- Data provided:
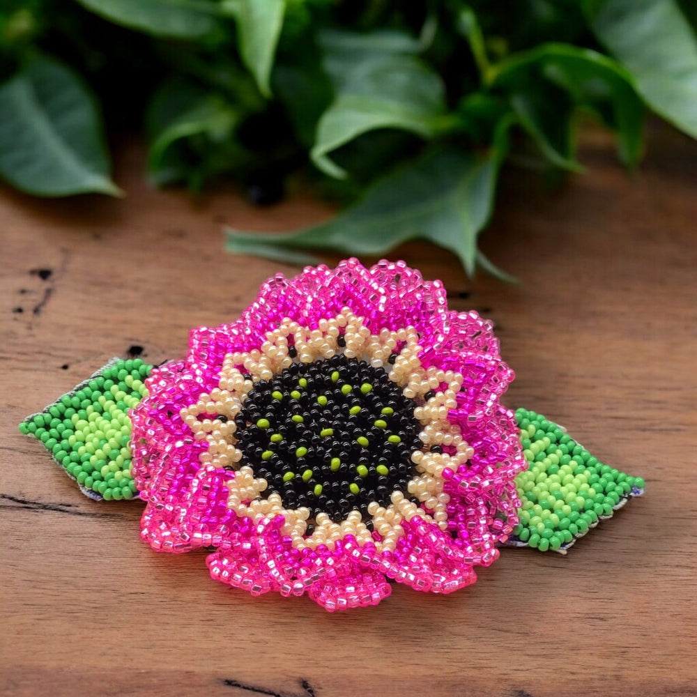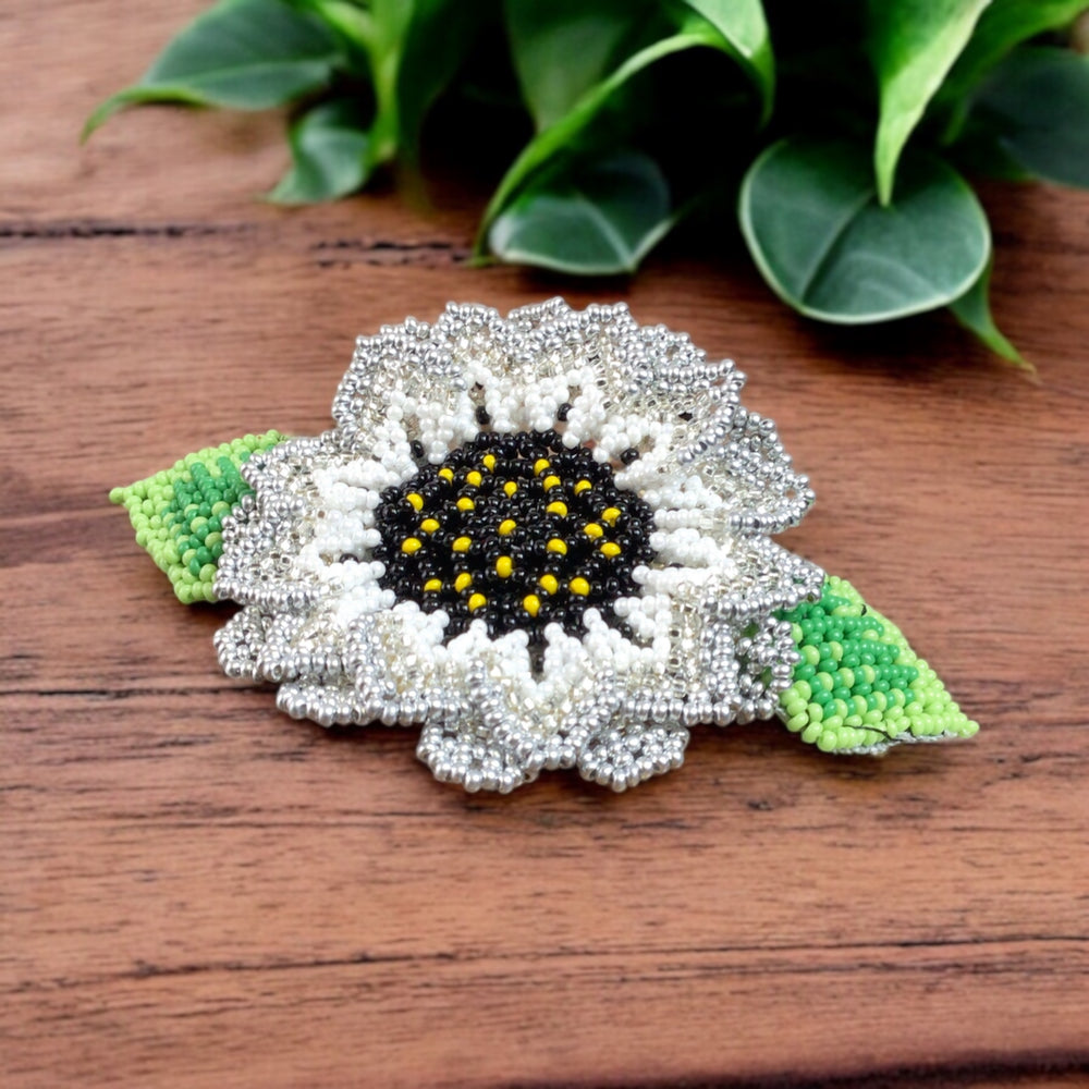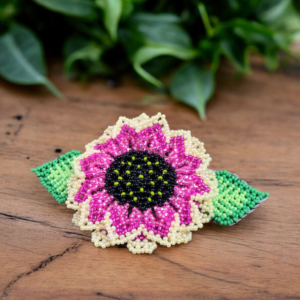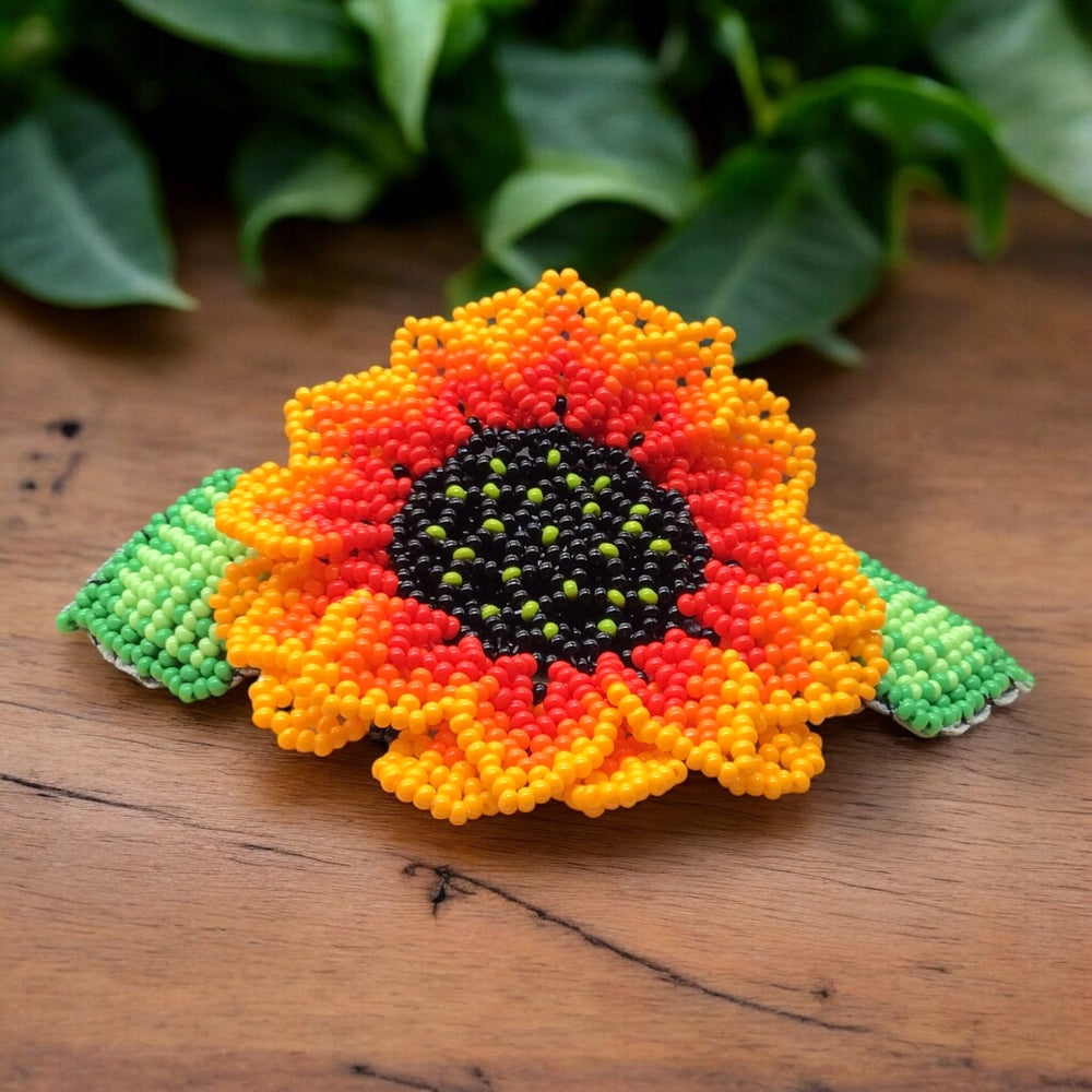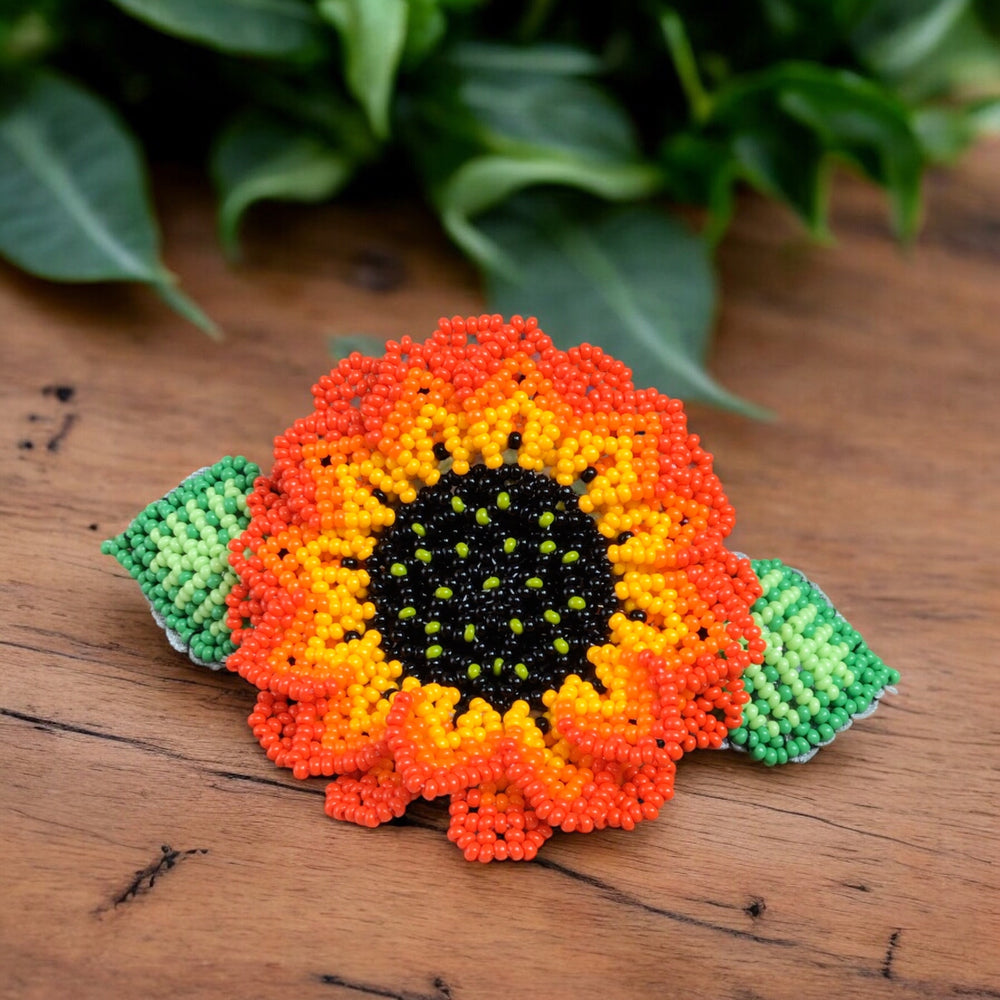 Brighten your hairstyle with this charming Handmade Beaded Sunflower Hair Clip. Carefully crafted with radiant seed beads, this piece captures the joyful essence of a sunflower in bloom.
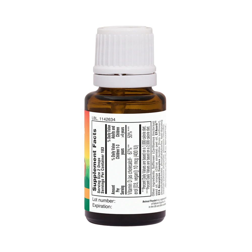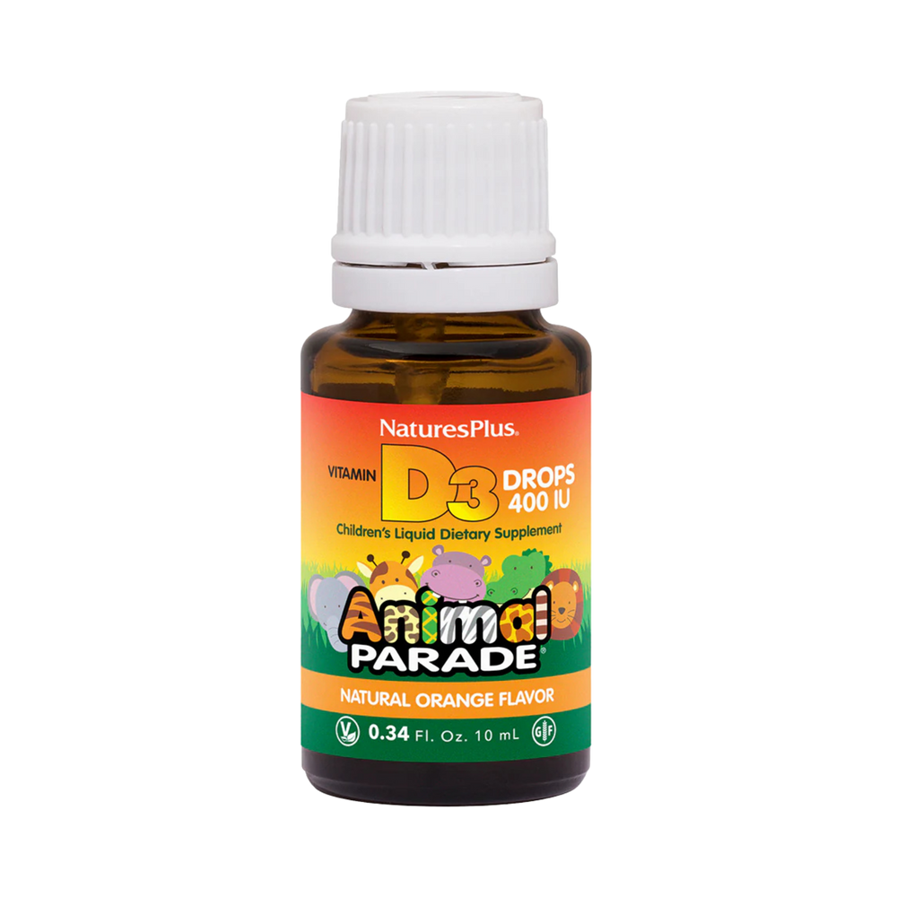 NaturesPlus, Animal Parade, Vitamin D3 Drops, Natural Orange, 10 Mcg, 0.34 Fl Oz
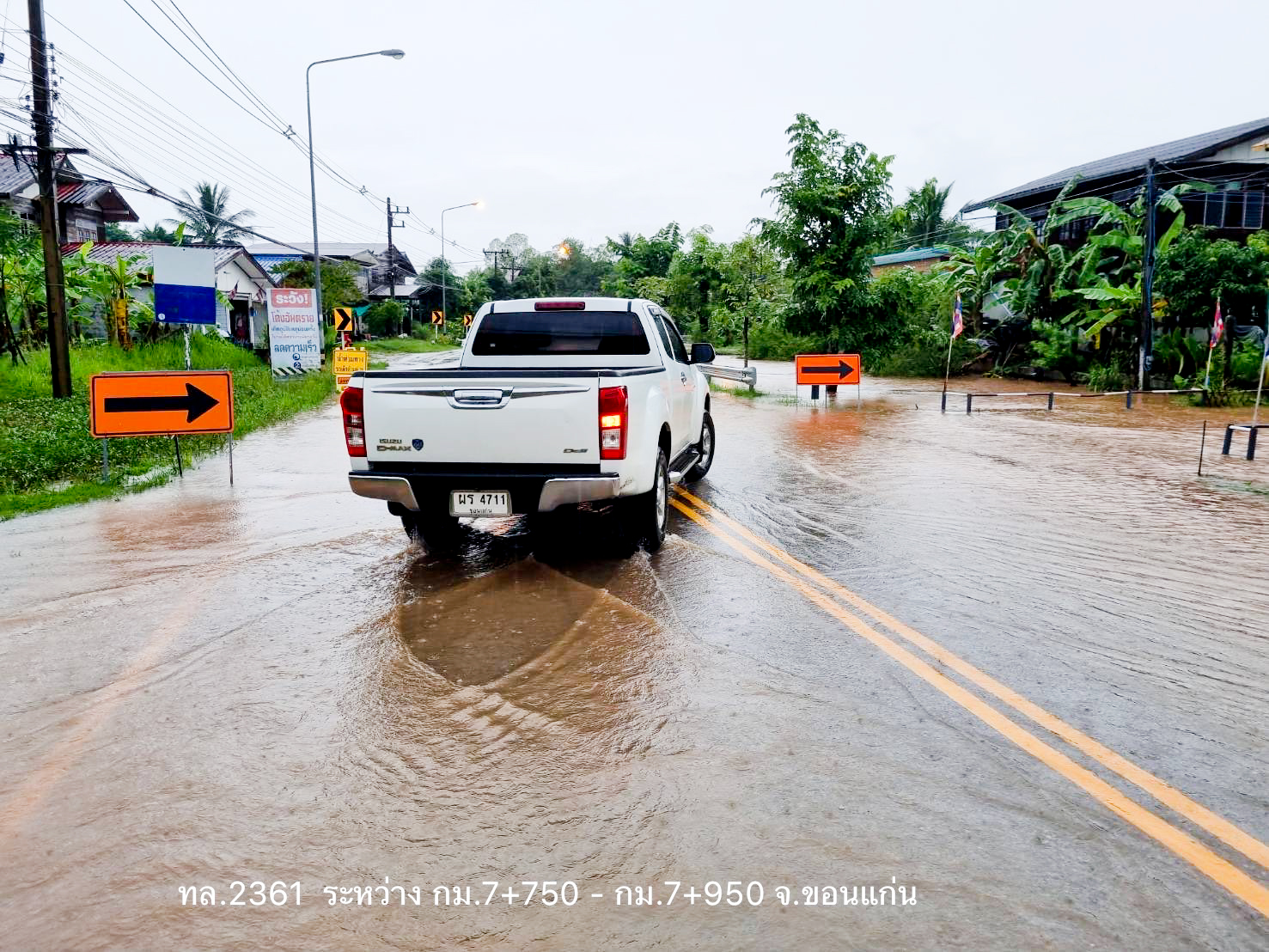 - ทางหลวงหมายเลข 2170 ตอน วัดประทุมชาติ – หนองจาน ในพื้นที่ อ.จตุรัส ช่วง กม.ที่3+125 – กม.4+100 ระดับน้ำ 40 ซม. รถเล็กผ่านไม่ได้
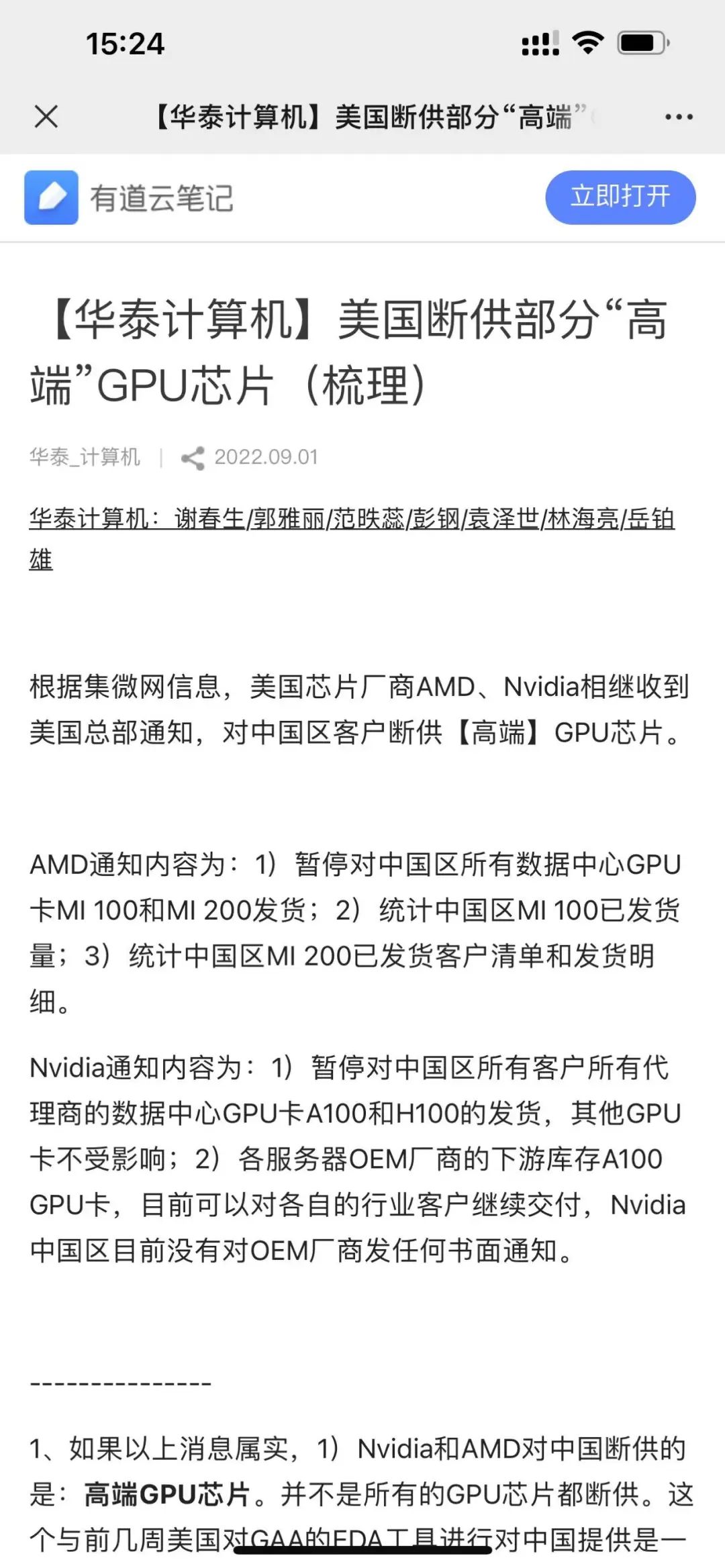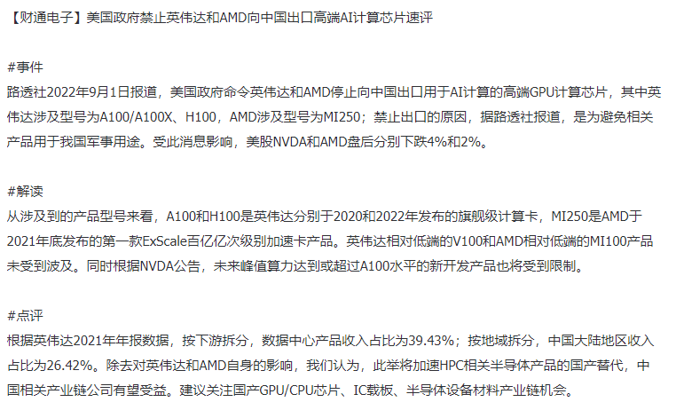 1. 我们向英伟达和AMD的中国代理商验证,得到回复还没有收到official notice,他们也是看新闻才知道
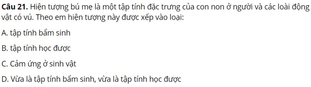 Hiện tượng bú mẹ là một tập tính đặc trưng của con non ở người và các loài động vật có vú. Theo em hiện tượng này được xếp vào loại:
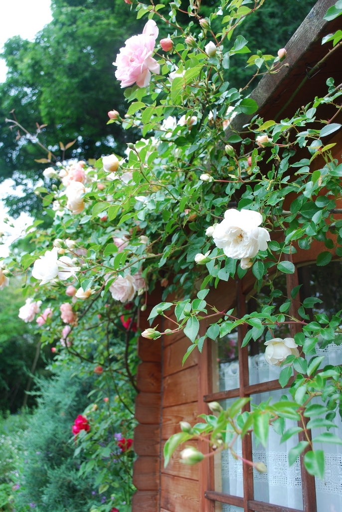 小屋屋根を伝うつる薔薇
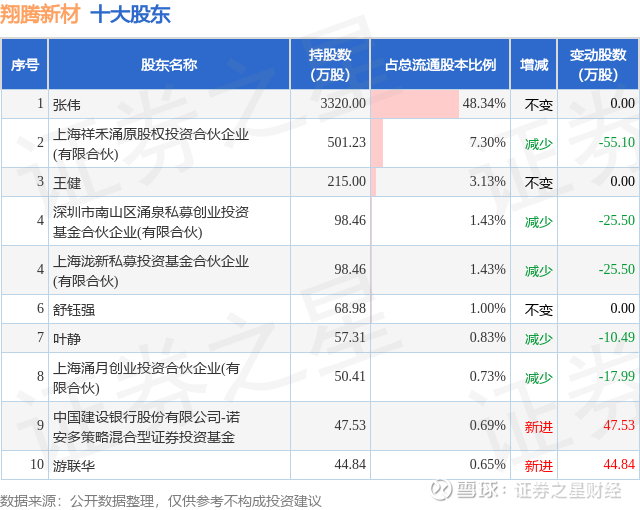 根据翔腾新材2025年三季报公布的十大股东详情如下:
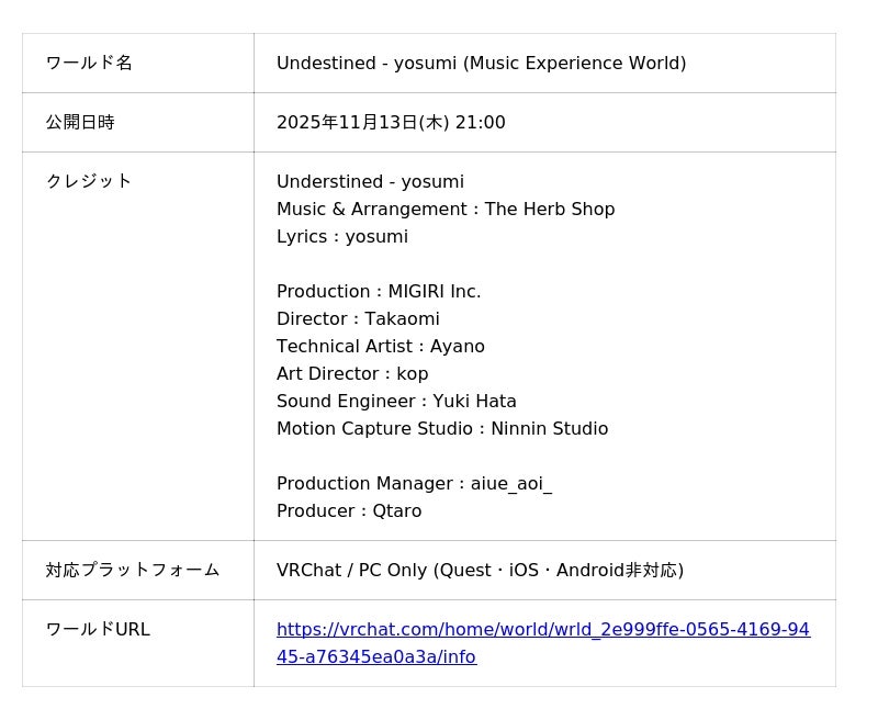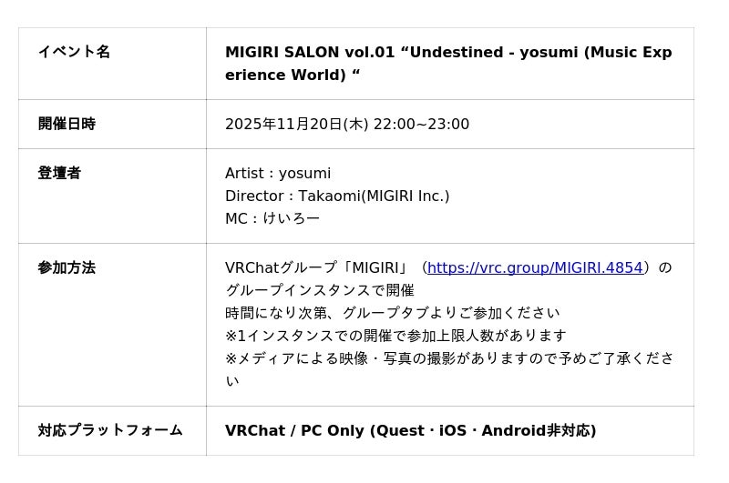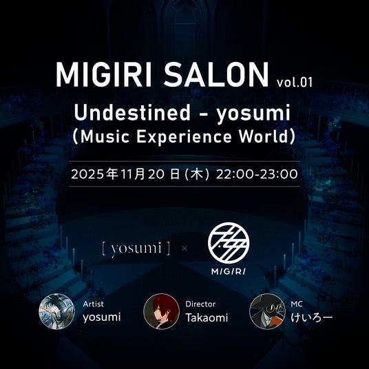 また、11月20日(木)の22:00よりyosumiとTakaomi(MIGIRI Inc.)による制作裏話トークイベント「MIGIRI SALON vol.01 “Undestined - yosumi (Music Experience World) “」を実施いたします。MIGIRIのVRChatグループのグループインスタンスで開催します。参加を希望される方はグループに参加をお願いします。なお、インスタンスはひとつで行うため参加上限人数がございます。

- Instructions to follow: In the records above, find the line containing "- ทางหลวงหมายเลข 2170". Reproduce it and every line after it through the last line, omitting pictures.

- Solution to the problem:
 - ทางหลวงหมายเลข 2170 ตอน วัดประทุมชาติ – หนองจาน ในพื้นที่ อ.จตุรัส ช่วง กม.ที่3+125 – กม.4+100 ระดับน้ำ 40 ซม. รถเล็กผ่านไม่ได้
 1. 我们向英伟达和AMD的中国代理商验证,得到回复还没有收到official notice,他们也是看新闻才知道
 Hiện tượng bú mẹ là một tập tính đặc trưng của con non ở người và các loài động vật có vú. Theo em hiện tượng này được xếp vào loại:
 小屋屋根を伝うつる薔薇
 根据翔腾新材2025年三季报公布的十大股东详情如下:
 また、11月20日(木)の22:00よりyosumiとTakaomi(MIGIRI Inc.)による制作裏話トークイベント「MIGIRI SALON vol.01 “Undestined - yosumi (Music Experience World) “」を実施いたします。MIGIRIのVRChatグループのグループインスタンスで開催します。参加を希望される方はグループに参加をお願いします。なお、インスタンスはひとつで行うため参加上限人数がございます。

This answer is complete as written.